Work request: Return the following data exactly, with all pictures left out.

Working data:
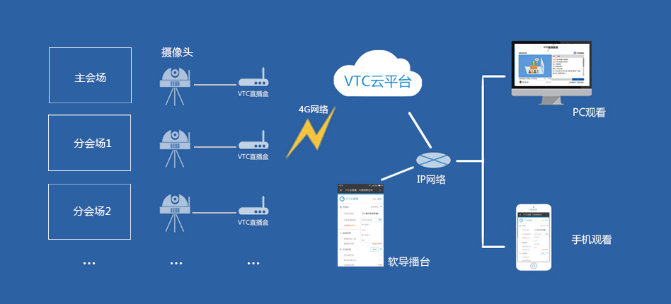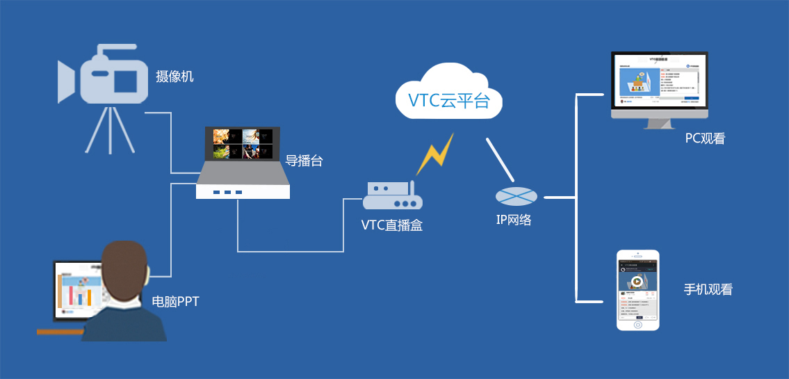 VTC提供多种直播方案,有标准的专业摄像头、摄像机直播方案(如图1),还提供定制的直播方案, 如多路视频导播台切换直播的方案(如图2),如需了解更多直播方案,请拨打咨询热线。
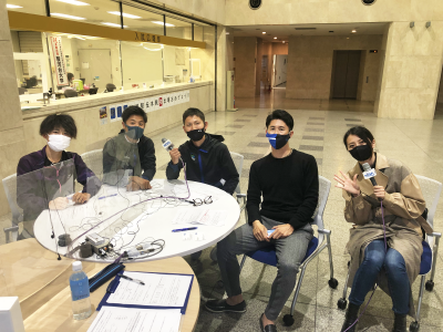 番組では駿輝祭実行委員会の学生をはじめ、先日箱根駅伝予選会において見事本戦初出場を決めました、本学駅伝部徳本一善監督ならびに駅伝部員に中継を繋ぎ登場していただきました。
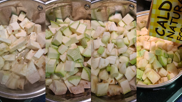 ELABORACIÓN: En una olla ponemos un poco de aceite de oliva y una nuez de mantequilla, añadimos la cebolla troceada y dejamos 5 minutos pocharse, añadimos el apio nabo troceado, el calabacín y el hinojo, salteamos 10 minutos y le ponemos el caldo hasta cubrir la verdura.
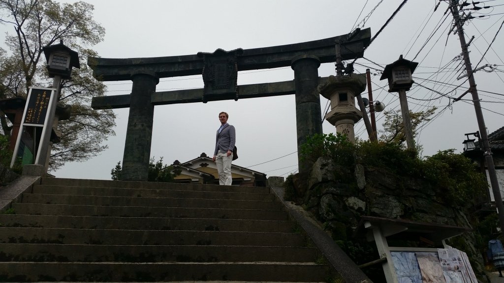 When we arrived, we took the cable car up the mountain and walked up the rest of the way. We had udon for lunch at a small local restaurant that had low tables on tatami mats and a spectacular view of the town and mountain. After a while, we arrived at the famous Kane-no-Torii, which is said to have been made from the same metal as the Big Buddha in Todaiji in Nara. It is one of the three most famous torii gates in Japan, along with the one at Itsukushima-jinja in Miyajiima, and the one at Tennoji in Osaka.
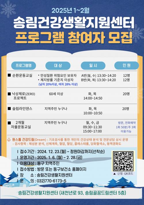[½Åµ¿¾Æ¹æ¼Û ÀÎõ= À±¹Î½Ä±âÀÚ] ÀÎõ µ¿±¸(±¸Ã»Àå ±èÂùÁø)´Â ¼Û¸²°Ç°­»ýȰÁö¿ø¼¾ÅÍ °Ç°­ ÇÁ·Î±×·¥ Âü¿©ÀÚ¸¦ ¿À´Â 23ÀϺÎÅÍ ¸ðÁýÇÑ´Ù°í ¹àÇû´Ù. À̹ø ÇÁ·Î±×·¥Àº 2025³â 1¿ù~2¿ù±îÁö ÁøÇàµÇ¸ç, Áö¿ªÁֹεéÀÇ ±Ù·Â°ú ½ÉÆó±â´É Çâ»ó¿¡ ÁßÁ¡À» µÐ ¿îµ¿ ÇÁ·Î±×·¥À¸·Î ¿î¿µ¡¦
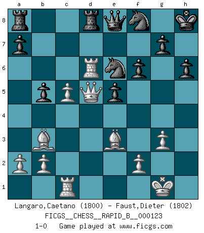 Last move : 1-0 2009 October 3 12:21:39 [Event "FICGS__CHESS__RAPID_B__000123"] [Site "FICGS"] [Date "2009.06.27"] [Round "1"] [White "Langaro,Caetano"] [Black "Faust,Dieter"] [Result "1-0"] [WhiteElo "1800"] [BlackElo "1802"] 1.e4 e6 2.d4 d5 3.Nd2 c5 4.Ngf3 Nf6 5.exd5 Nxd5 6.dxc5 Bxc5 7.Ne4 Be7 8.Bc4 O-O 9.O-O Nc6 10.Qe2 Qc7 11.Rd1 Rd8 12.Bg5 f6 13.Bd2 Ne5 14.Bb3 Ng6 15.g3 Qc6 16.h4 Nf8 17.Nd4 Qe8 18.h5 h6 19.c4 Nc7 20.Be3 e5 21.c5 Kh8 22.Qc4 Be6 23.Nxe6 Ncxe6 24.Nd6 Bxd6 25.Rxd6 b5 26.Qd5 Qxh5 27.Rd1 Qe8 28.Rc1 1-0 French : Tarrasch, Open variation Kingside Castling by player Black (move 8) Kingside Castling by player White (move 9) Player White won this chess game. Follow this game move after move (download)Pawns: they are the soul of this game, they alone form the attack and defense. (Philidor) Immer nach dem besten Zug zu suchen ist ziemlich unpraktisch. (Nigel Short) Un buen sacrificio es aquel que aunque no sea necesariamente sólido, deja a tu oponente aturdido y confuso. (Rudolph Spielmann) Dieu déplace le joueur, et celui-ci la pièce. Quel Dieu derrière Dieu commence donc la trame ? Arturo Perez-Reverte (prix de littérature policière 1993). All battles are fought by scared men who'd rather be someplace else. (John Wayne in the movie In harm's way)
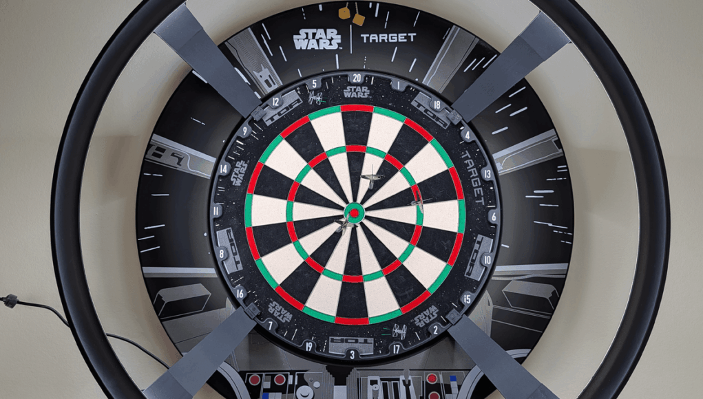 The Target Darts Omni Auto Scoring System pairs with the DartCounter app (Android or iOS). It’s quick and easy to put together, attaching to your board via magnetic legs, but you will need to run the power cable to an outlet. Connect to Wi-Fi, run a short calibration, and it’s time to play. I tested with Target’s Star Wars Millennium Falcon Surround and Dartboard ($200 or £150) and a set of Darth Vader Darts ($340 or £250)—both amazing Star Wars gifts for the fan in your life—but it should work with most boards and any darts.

Finished task:
 VTC提供多种直播方案,有标准的专业摄像头、摄像机直播方案(如图1),还提供定制的直播方案, 如多路视频导播台切换直播的方案(如图2),如需了解更多直播方案,请拨打咨询热线。
 番組では駿輝祭実行委員会の学生をはじめ、先日箱根駅伝予選会において見事本戦初出場を決めました、本学駅伝部徳本一善監督ならびに駅伝部員に中継を繋ぎ登場していただきました。
 ELABORACIÓN: En una olla ponemos un poco de aceite de oliva y una nuez de mantequilla, añadimos la cebolla troceada y dejamos 5 minutos pocharse, añadimos el apio nabo troceado, el calabacín y el hinojo, salteamos 10 minutos y le ponemos el caldo hasta cubrir la verdura.
 When we arrived, we took the cable car up the mountain and walked up the rest of the way. We had udon for lunch at a small local restaurant that had low tables on tatami mats and a spectacular view of the town and mountain. After a while, we arrived at the famous Kane-no-Torii, which is said to have been made from the same metal as the Big Buddha in Todaiji in Nara. It is one of the three most famous torii gates in Japan, along with the one at Itsukushima-jinja in Miyajiima, and the one at Tennoji in Osaka.
[½Åµ¿¾Æ¹æ¼Û ÀÎõ= À±¹Î½Ä±âÀÚ] ÀÎõ µ¿±¸(±¸Ã»Àå ±èÂùÁø)´Â ¼Û¸²°Ç°­»ýȰÁö¿ø¼¾ÅÍ °Ç°­ ÇÁ·Î±×·¥ Âü¿©ÀÚ¸¦ ¿À´Â 23ÀϺÎÅÍ ¸ðÁýÇÑ´Ù°í ¹àÇû´Ù. À̹ø ÇÁ·Î±×·¥Àº 2025³â 1¿ù~2¿ù±îÁö ÁøÇàµÇ¸ç, Áö¿ªÁֹεéÀÇ ±Ù·Â°ú ½ÉÆó±â´É Çâ»ó¿¡ ÁßÁ¡À» µÐ ¿îµ¿ ÇÁ·Î±×·¥À¸·Î ¿î¿µ¡¦
 Last move : 1-0 2009 October 3 12:21:39 [Event "FICGS__CHESS__RAPID_B__000123"] [Site "FICGS"] [Date "2009.06.27"] [Round "1"] [White "Langaro,Caetano"] [Black "Faust,Dieter"] [Result "1-0"] [WhiteElo "1800"] [BlackElo "1802"] 1.e4 e6 2.d4 d5 3.Nd2 c5 4.Ngf3 Nf6 5.exd5 Nxd5 6.dxc5 Bxc5 7.Ne4 Be7 8.Bc4 O-O 9.O-O Nc6 10.Qe2 Qc7 11.Rd1 Rd8 12.Bg5 f6 13.Bd2 Ne5 14.Bb3 Ng6 15.g3 Qc6 16.h4 Nf8 17.Nd4 Qe8 18.h5 h6 19.c4 Nc7 20.Be3 e5 21.c5 Kh8 22.Qc4 Be6 23.Nxe6 Ncxe6 24.Nd6 Bxd6 25.Rxd6 b5 26.Qd5 Qxh5 27.Rd1 Qe8 28.Rc1 1-0 French : Tarrasch, Open variation Kingside Castling by player Black (move 8) Kingside Castling by player White (move 9) Player White won this chess game. Follow this game move after move (download)Pawns: they are the soul of this game, they alone form the attack and defense. (Philidor) Immer nach dem besten Zug zu suchen ist ziemlich unpraktisch. (Nigel Short) Un buen sacrificio es aquel que aunque no sea necesariamente sólido, deja a tu oponente aturdido y confuso. (Rudolph Spielmann) Dieu déplace le joueur, et celui-ci la pièce. Quel Dieu derrière Dieu commence donc la trame ? Arturo Perez-Reverte (prix de littérature policière 1993). All battles are fought by scared men who'd rather be someplace else. (John Wayne in the movie In harm's way)
 The Target Darts Omni Auto Scoring System pairs with the DartCounter app (Android or iOS). It’s quick and easy to put together, attaching to your board via magnetic legs, but you will need to run the power cable to an outlet. Connect to Wi-Fi, run a short calibration, and it’s time to play. I tested with Target’s Star Wars Millennium Falcon Surround and Dartboard ($200 or £150) and a set of Darth Vader Darts ($340 or £250)—both amazing Star Wars gifts for the fan in your life—but it should work with most boards and any darts.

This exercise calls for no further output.